[Data section]
==================================================
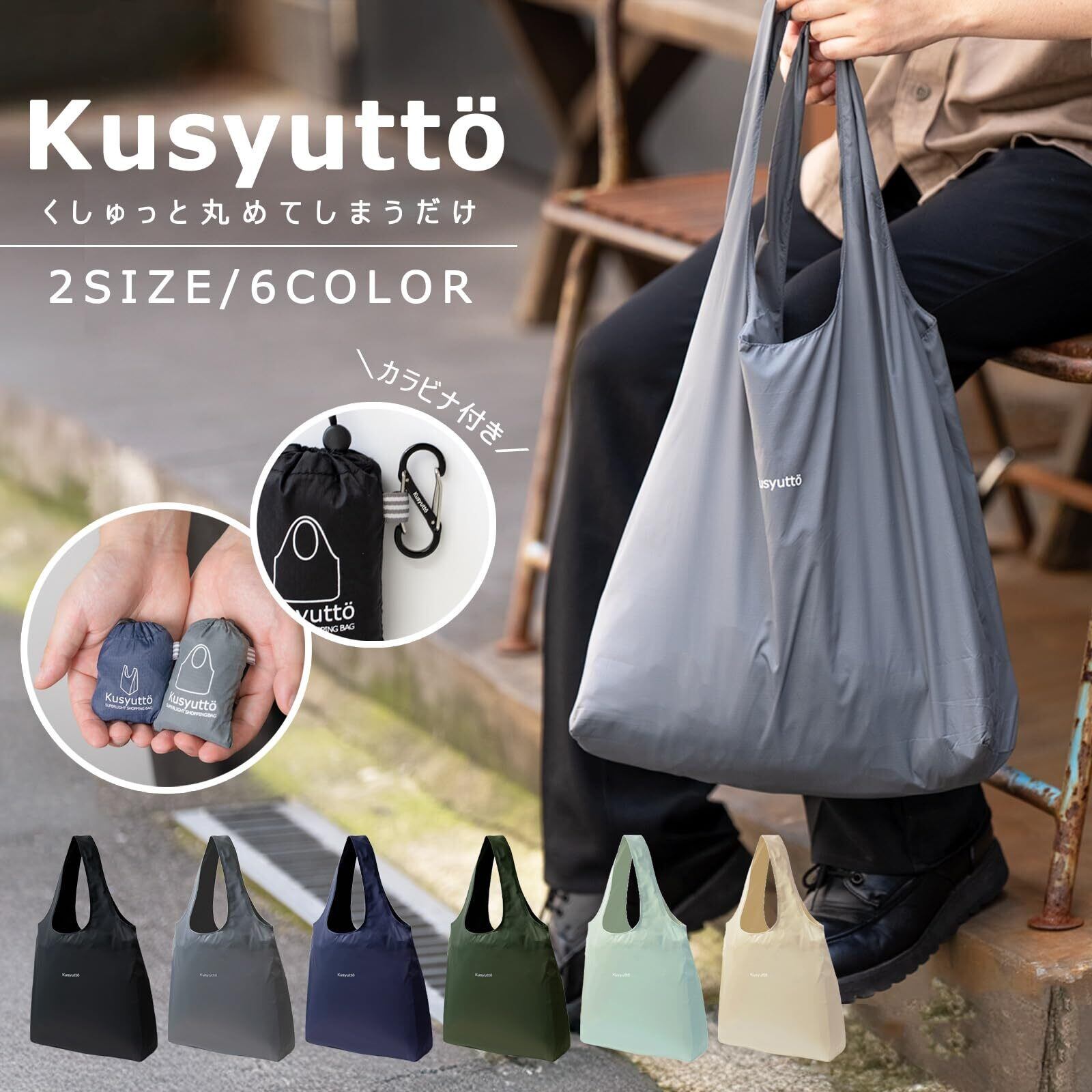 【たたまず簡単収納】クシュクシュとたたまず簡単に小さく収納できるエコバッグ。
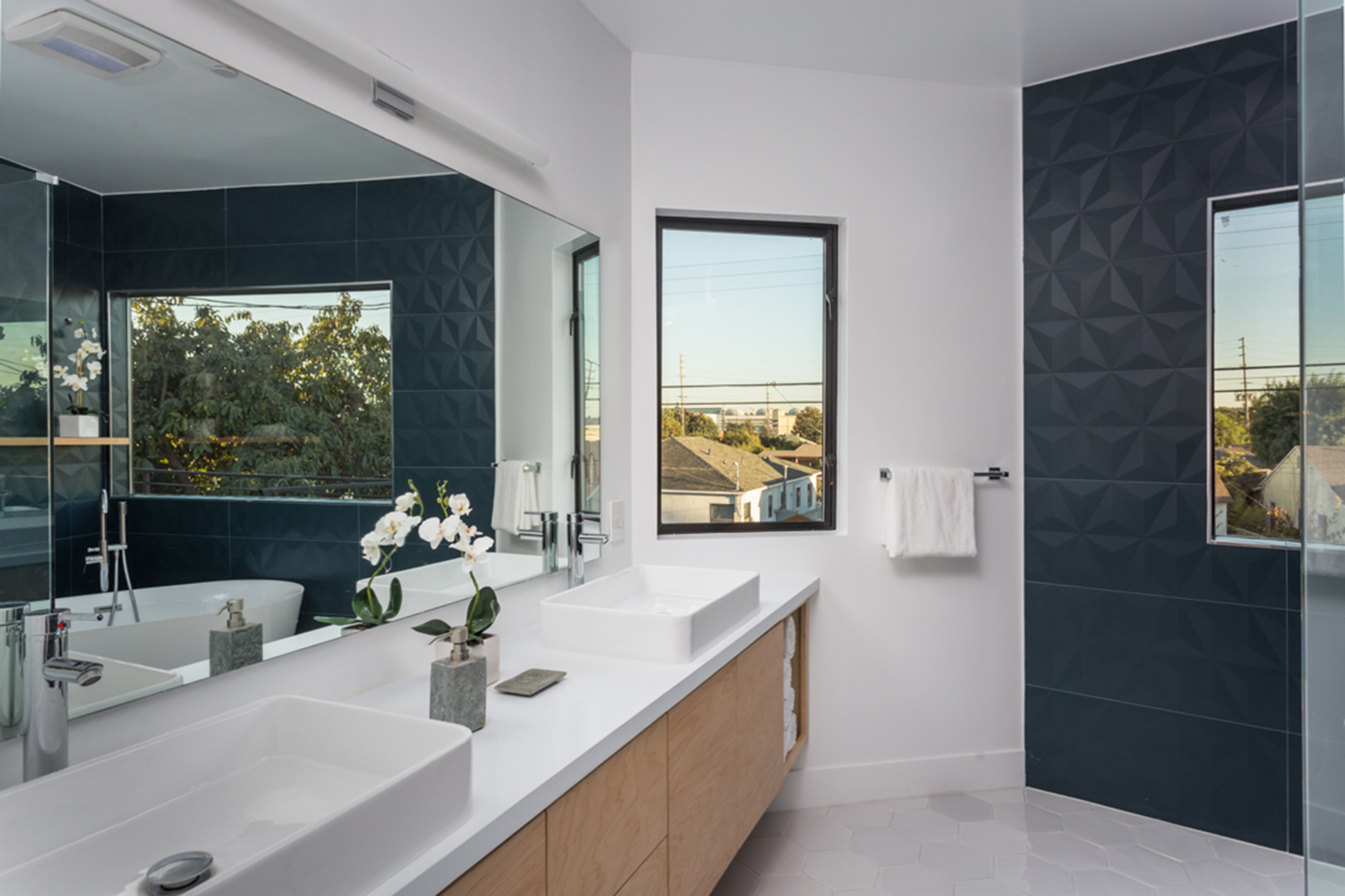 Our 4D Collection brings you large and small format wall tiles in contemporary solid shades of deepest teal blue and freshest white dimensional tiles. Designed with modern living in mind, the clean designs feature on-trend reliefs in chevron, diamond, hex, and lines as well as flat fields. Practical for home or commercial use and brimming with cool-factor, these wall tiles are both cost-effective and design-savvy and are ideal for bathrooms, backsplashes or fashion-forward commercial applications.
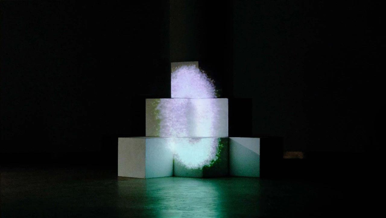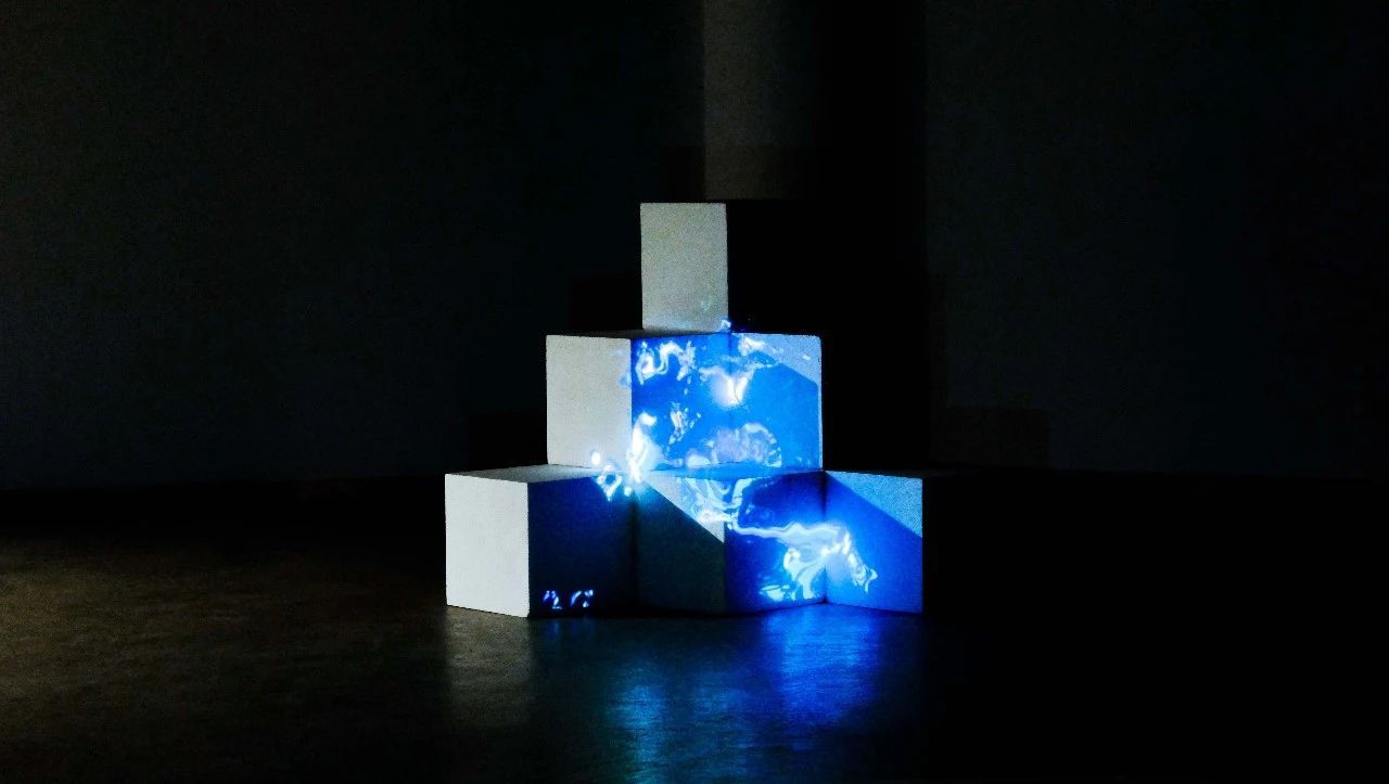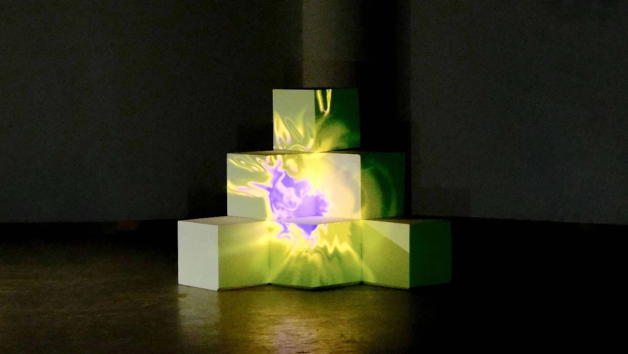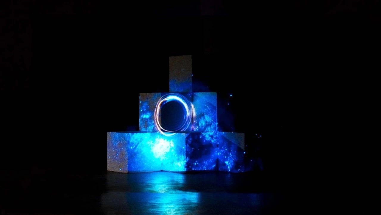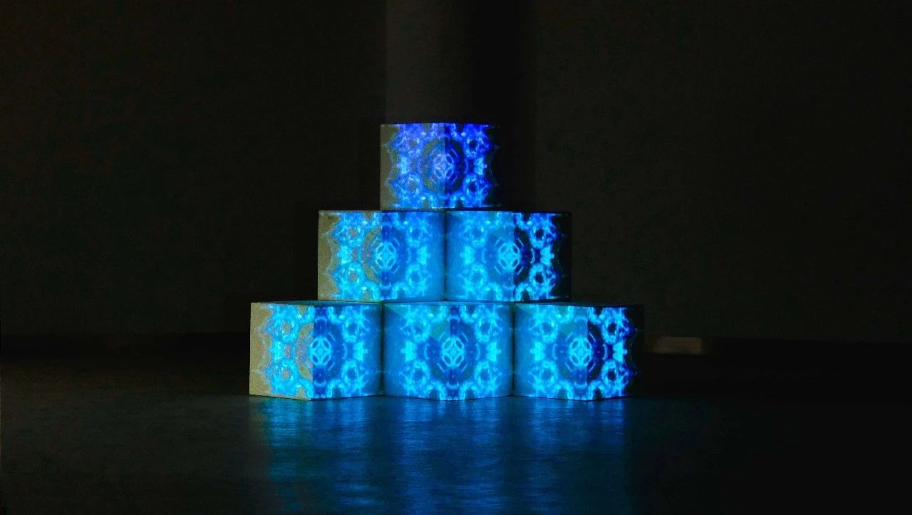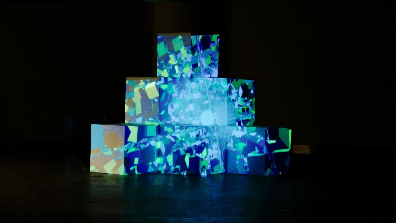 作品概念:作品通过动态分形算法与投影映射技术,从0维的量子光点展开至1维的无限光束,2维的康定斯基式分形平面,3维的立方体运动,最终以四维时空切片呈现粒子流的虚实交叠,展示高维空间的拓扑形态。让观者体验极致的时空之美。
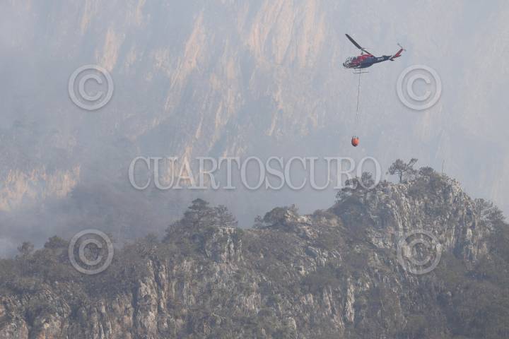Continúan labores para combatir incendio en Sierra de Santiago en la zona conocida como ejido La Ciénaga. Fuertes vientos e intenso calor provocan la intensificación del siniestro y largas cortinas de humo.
==================================================
[Task objective] Set the listing down exactly, without its pictures.

[Result of the task]
 【たたまず簡単収納】クシュクシュとたたまず簡単に小さく収納できるエコバッグ。
 Our 4D Collection brings you large and small format wall tiles in contemporary solid shades of deepest teal blue and freshest white dimensional tiles. Designed with modern living in mind, the clean designs feature on-trend reliefs in chevron, diamond, hex, and lines as well as flat fields. Practical for home or commercial use and brimming with cool-factor, these wall tiles are both cost-effective and design-savvy and are ideal for bathrooms, backsplashes or fashion-forward commercial applications.
 作品概念:作品通过动态分形算法与投影映射技术,从0维的量子光点展开至1维的无限光束,2维的康定斯基式分形平面,3维的立方体运动,最终以四维时空切片呈现粒子流的虚实交叠,展示高维空间的拓扑形态。让观者体验极致的时空之美。
Continúan labores para combatir incendio en Sierra de Santiago en la zona conocida como ejido La Ciénaga. Fuertes vientos e intenso calor provocan la intensificación del siniestro y largas cortinas de humo.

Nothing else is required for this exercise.